You can override the default error message ID of a constraint by passing one in via the constructor:

use Aphiria\Validation\Builders\ObjectConstraintsRegistryBuilder;
use Aphiria\Validation\Constraints\EmailConstraint;

$constraintsBuilder = new ObjectConstraintsRegistryBuilder();
$constraintsBuilder->class(User::class)
    ->hasPropertyConstraints('email', new EmailConstraint('email-invalid'));

Built-In Error Message Interpolators

Aphiria comes with a couple error message interpolators. StringReplaceErrorMessageInterpolator simply replaces {placeholder} in the constraints' error message templates with the constraints' placeholders. It is the default interpolator, and is most suitable for applications that do not require i18n.

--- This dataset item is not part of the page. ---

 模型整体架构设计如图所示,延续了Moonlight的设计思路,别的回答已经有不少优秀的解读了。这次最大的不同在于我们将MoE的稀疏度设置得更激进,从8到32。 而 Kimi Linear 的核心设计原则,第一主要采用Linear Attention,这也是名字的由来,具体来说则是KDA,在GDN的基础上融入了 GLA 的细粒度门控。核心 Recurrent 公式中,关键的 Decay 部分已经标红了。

If you do require i18n and are using the ICU format, IcuErrorMessageInterpolator is probably the better choice.

Validation Annotations

Aphiria offers the option to use annotations to map object properties and methods to constraints. The benefit to doing this is that it keeps the validation rules close (literally) to your models. Let's recreate the example in the introduction.

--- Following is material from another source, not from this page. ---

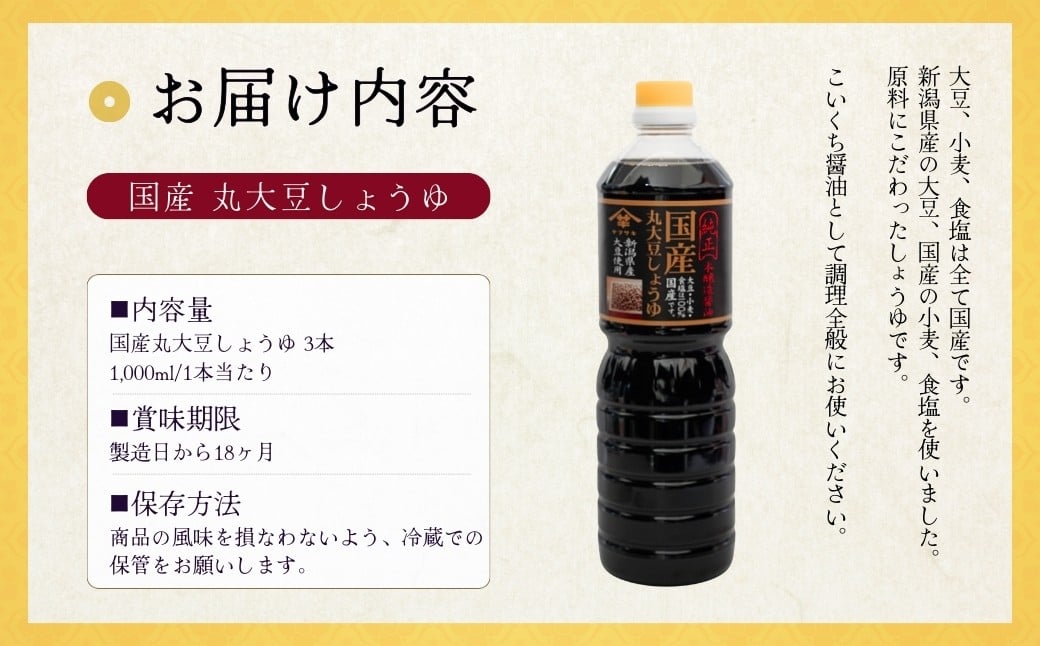 国産丸大豆しょうゆ1,000ml×3本セット 醤油 だいず 山崎醸造 【0002-0371-01】

use Aphiria\Validation\Constraints\Annotations\{Email, Required};

final class User
{
    public int $id;
    /** @Email */
    public string $email;
    /** @Required */
    public string $name;

    public function __construct(int $id, string $email, string $name)
    {
        $this->id = $id;
        $this->email = $email;
        $this->name = $name;
    }
}

Once you configure your application to use annotations, you can validate your objects just like you do when not using annotations.

Built-In Annotations

The following annotations come with Aphiria:

Using Annotations

To actually use annotations, you'll need to configure Aphiria to scan for them. The application builder library provides a convenience method for this:

use Aphiria\Configuration\Builders\AphiriaComponentBuilder;
use Aphiria\Validation\Constraints\Annotations\AnnotationObjectConstraintsRegistrant;

// Assume we already have $container set up
$annotationConstraintRegistrant = new AnnotationObjectConstraintsRegistrant(['PATH_TO_SCAN']);
$container->bindInstance(AnnotationObjectConstraintsRegistrant::class, $annotationConstraintRegistrant);

(new AphiriaComponentBuilder($container))
    ->withValidationComponent($appBuilder)
    ->withValidationAnnotations($appBuilder);

If you're not using the application builder library, you can manually scan for annotations:

use Aphiria\Validation\Constraints\Annotations\AnnotationObjectConstraintsRegistrant;
use Aphiria\Validation\Constraints\Caching\FileObjectConstraintsRegistryCache;
use Aphiria\Validation\Constraints\ObjectConstraintsRegistrantCollection;
use Aphiria\Validation\Constraints\ObjectConstraintsRegistry;
use Aphiria\Validation\Validator;

// It's best to cache the results of scanning for annotations in production
if (\getenv('APP_ENV') === 'production') {  
    $constraintCache = new FileObjectConstraintsRegistryCache('/tmp/constraints.txt');
} else {
    $constraintCache = null;
}

$objectConstraints = new ObjectConstraintsRegistry();
$objectConstraintsRegistrants = new ObjectConstraintsRegistrantCollection($constraintCache);
$objectConstraintsRegistrants->add(new AnnotationObjectConstraintsRegistrant(['PATH_TO_SCAN']));
$objectConstraintsRegistrants->registerConstraints($objectConstraints);

$validator = new Validator($objectConstraints);

Validating Request Bodies

It's possible to use the validation library along with the serialization library to validate deserialized request bodies. Read the controller documentation for more details.